John Foreman, Data Scientist
  • Home
  • Data Smart book
  • Speaking & Events
  • Featured Talks
  • Blog
  • MailChimp
Contact

Facebook's solution to big data's "content problem:" dumber users

6/29/2014

4 Comments

 
In the early days of cinema, Soviet filmmakers were fascinated with film editing, i.e. placing shots in an arranged order. One of these filmmakers (and possibly the first film theorist), Lev Kuleshov, proposed that the emotional power of cinema lay not in the images themselves but in the way they were edited together.

For Kuleshov, the sequential juxtaposition of content lends meaning to images that may have nothing to do with each other. 

And he conducted an experiment, the so-called Kuleshov effect, to highlight this principle. Kuleshov took a clip of Ivan Ilyich Mozzhukhin (the Ryan Gosling of Tsarist Russia) staring at the camera and intercut it with some other images: a bowl of soup, a girl in a coffin, an attractive woman. When he showed this sequence to an audience, the viewers noted how the emotional state of the actor changed from cut to cut. He's hungry. He's sad. He's got the hots for that lady.

The audience praised Mozzhukhin's emotive performance. But the actor's stare that Kuleshov used was the same in each cut. Here's an example of the effect:

The Kuleshov effect tells us that a viewer's understanding of what they're seeing can be affected not just by the content on the screen but how it's edited together.

Editing manipulates and creates meaning by connecting (potentially unrelated) content together. It provides emphasis and perspective.

EdgeRank is a frenemy

Think of the content going through your Facebook stream as shots in a film. These shots are just pure life, right? Just an unedited stream of your friends' cats, kids, and poorly lit photos of quinoa entrees.

We know this isn't true. After all, Facebook uses EdgeRank to select what is shown to each user out of all the content available. The algorithm's whole purpose is to maximize an outcome by editing content together. And until recently, we've assumed that the objective of EdgeRank was more or less to maximize the engagement and relevance of posts in each user's stream.
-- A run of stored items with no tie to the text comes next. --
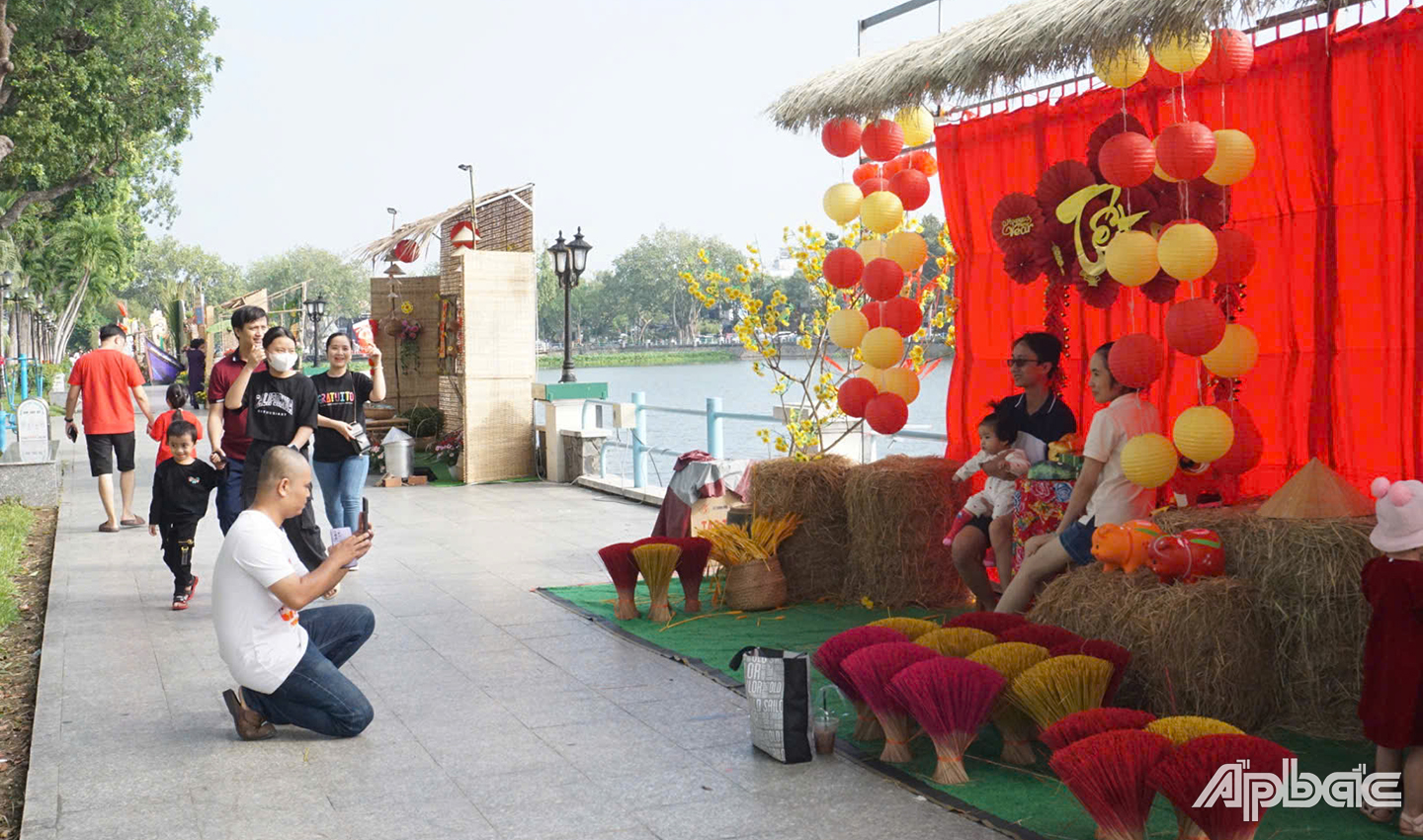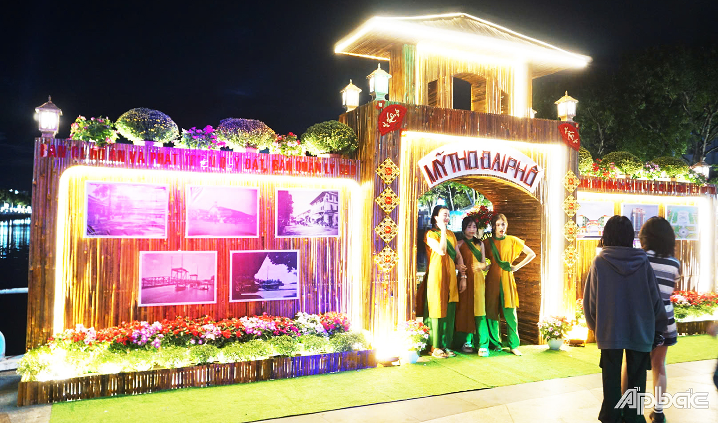 | Các tiểu cảnh tái hiện Mỹ Tho xưa và nay thu hút khách đến thưởng ngoạn và chụp ảnh lưu niệm trong không gian Mỹ Tho. |
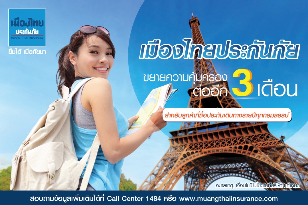 สำหรับลูกค้าที่ถือกรมธรรม์ประกันเดินทางต่างประเทศแบบรายปี เมืองไทยประกันภัยขยายระยะเวลาความคุ้มครองให้อัตโนมัติ 3 เดือน นับจากวันที่สิ้นสุดความคุ้มครองเดิม โดยไม่คิดค่าเบี้ยประกันเพิ่มเติม สำหรับลูกค้าที่กรมธรรม์ยังมีผลคุ้มครองระหว่างวันที่ 30 เมษายน 2562 ถึง 30 เมษายน 2563 โดยรายละเอียดความคุ้มครองและบริการช่วยเหลือต่าง ๆ ยังคงเดิมทุกประการ โดยลูกค้าไม่ต้องดำเนินการแจ้งความประสงค์ เมืองไทยประกันภัยจะแจ้งให้ท่านทราบโดย SMS / E-mail หรือตามที่อยู่บนกรมธรรม์
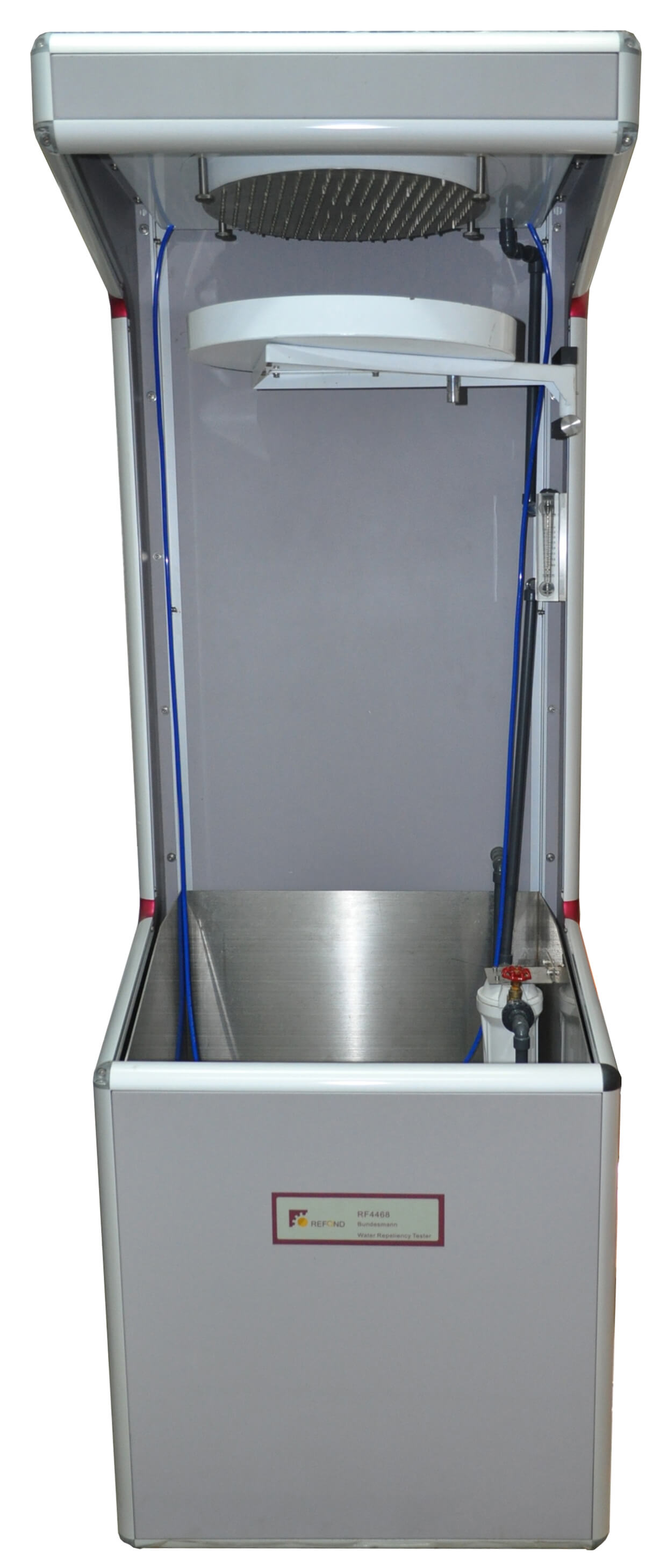 RF4468 邦迪斯門拒水性能測試儀,包括主機、4個截面積相同的測試杯(帶雨刮器)、噴淋頭、雨量控制器等。
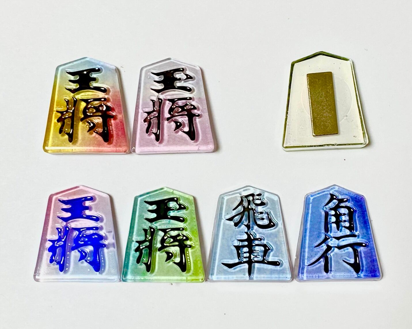 「王将」「玉将」「飛車」「角行」の4種類の駒が合計10個入っています。
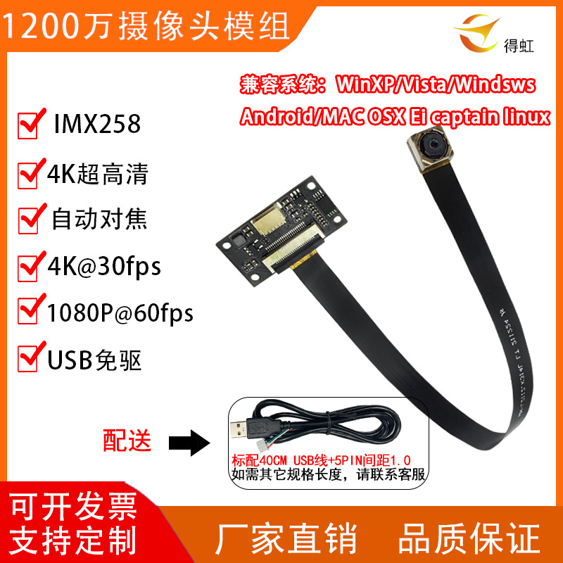 IMX258FPC 분할 보드 카메라 모듈 1 천 2 백만 화소 USB 드라이버-무료 4K 초고화질 비디오 촬영스토어 가기
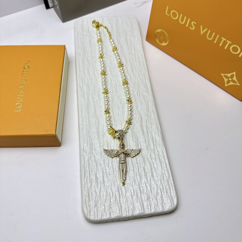 Louis Vuitton Gold Pearl Angel Necklace Original Trendy&Stylish Essential
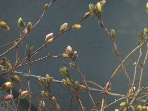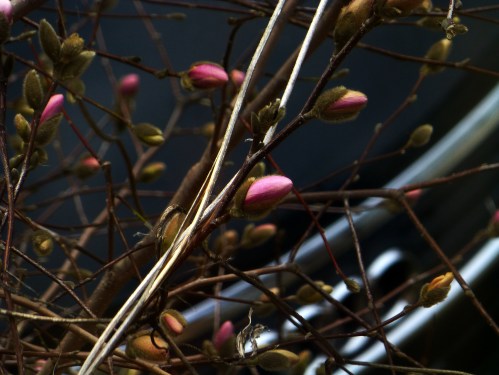 I took these photos a few days ago, indeed, after a spring rain. Today, these buds are bold blossoms, their petals glistening quite beautifully in melting spring snow. I didn’t quite have the heart to photograph the snow. 😉
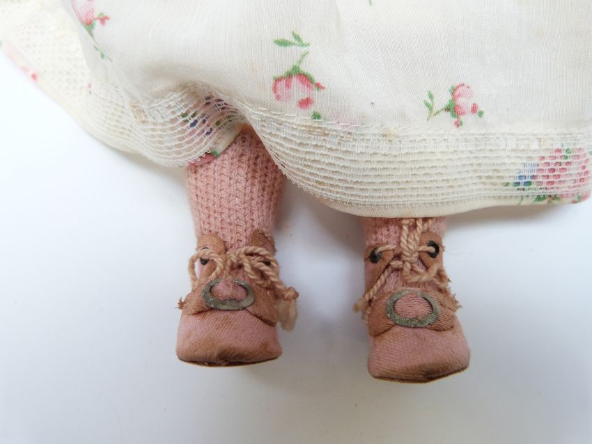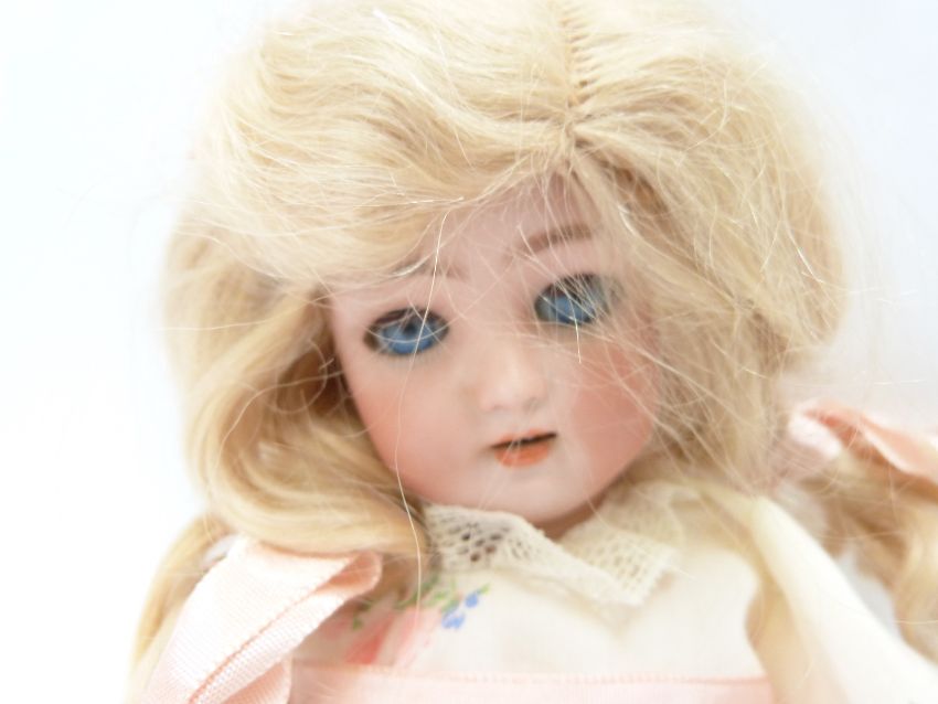 Simon & Halbig bisque headed doll with open mouth, weighted blue eyes, long blonde hair and articulated composition body, marked to the back of the neck 'Simon & Halbig S & H 4', in floral white dress with pink shoes, 32cm tall
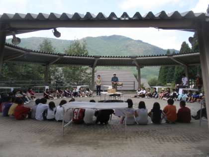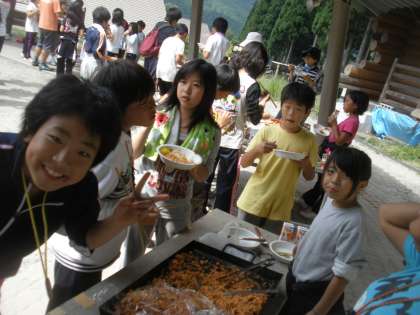 おおいに盛り上った野外パーティーが終りました。これから後始末をがんばり,今夜のメインキャンプファイヤーの練習をします。そして「冒険の森・アスレチック」でフリータイムです。
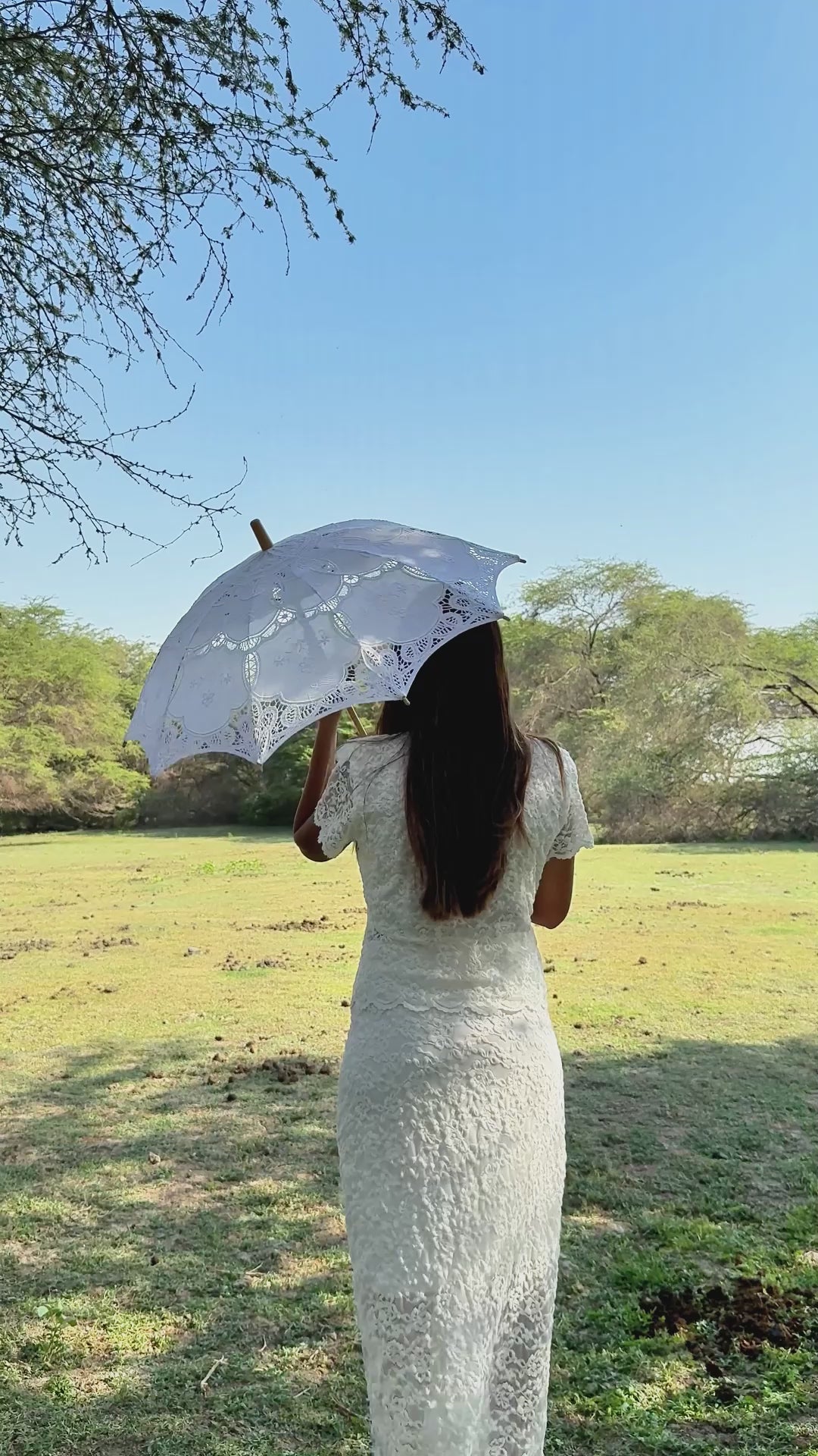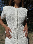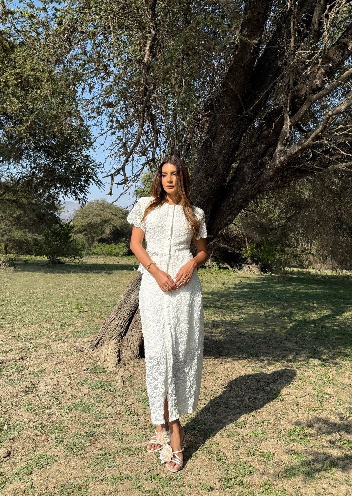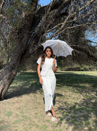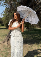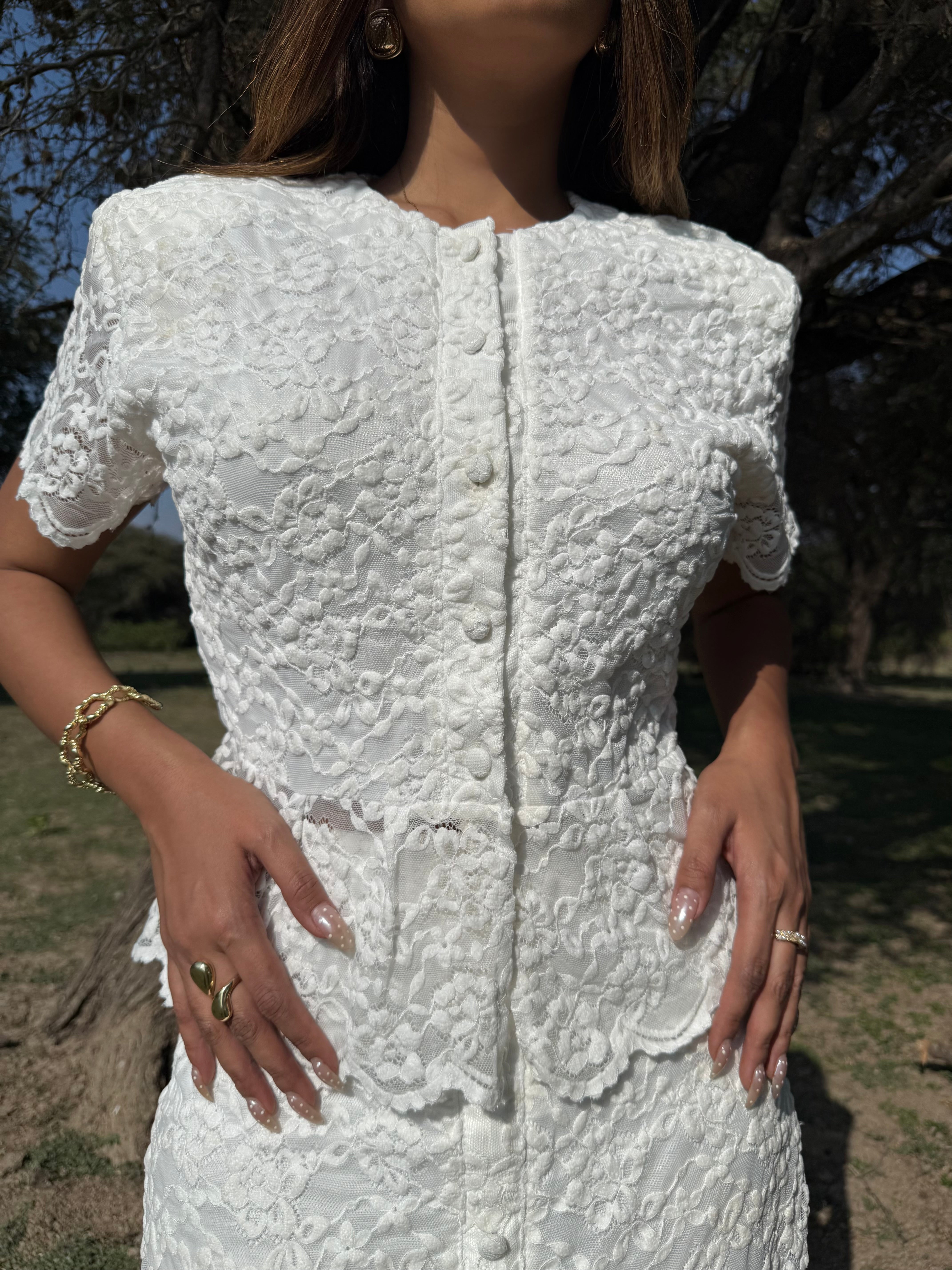 Su color blanco y el encaje detallado lo convierten en una opción versátil para eventos formales como boda civil, primera comunión o eventos al aire libre como un brunch.

Ain't nothing wrong with increasing relevance! Sure, EdgeRank is an editor, but it's on your side. 


You're Scorsese, and EdgeRank is a Thelma Schoonmaker. Or maybe not.

Facebook's PNAS disfunction

In the current issue of the Proceedings of the National Academy of Sciences (PNAS), data scientists from Facebook show how they can use editing within feeds to affect the emotions of Facebook's users. Facebook data scientists demonstrated that when they prioritized happy content on a user's feed, that user was more likely to post happy content back to the network. The same went for disgruntled content.

These posts aren't necessarily related to each other. They're just content generated by a user's friends, liked pages, etc. But just like Kuleshov did for film, Facebook can do for their network -- they can stitch images and text together into a stream that meets their needs, one that conveys a concept perhaps not present in the sum total of all the social content lying on the cutting room floor.

Now, people have a problem with this. The whole experiment feels like a violation. Facebook emotionally manipulated people. And to add insult to injury, Facebook used user-generated, supposedly perspective-free content (at least free of Facebook's perspective).

The counterarguments I keep hearing are these:
  1. Facebook's TOS covers such experiments
  2. Facebook was already using and continues to use algorithms to edit your stream. This is nothing new
  3. Facebook didn't create content to manipulate people. They used existing content
Points (1) and (2) demonstrate extreme naiveté on the part of Facebook. 

What is allowable in data science is only partially governed by TOSs and precedence. There's an inherent creepiness to data science, so it's important that a company always ask itself, "What do our users expect from us?" Not "what is legal?" or "can we point to what we've already been doing that's similar?"

Actually, Facebook may not be naive. They may just not care. After all, their customers whom they're trying to impress and engage with using data science are their advertisers, not their users.

Counterargument (3) is where the Kuleshov Effect comes into play. Editing is powerful. If you're stewing up a pot of social slop, then you have power over the final product. A stream is nothing more than a montage of social content that constitute its ingredients. And in the creation of that stream, Facebook wields immense power even though they create none of the stream's content.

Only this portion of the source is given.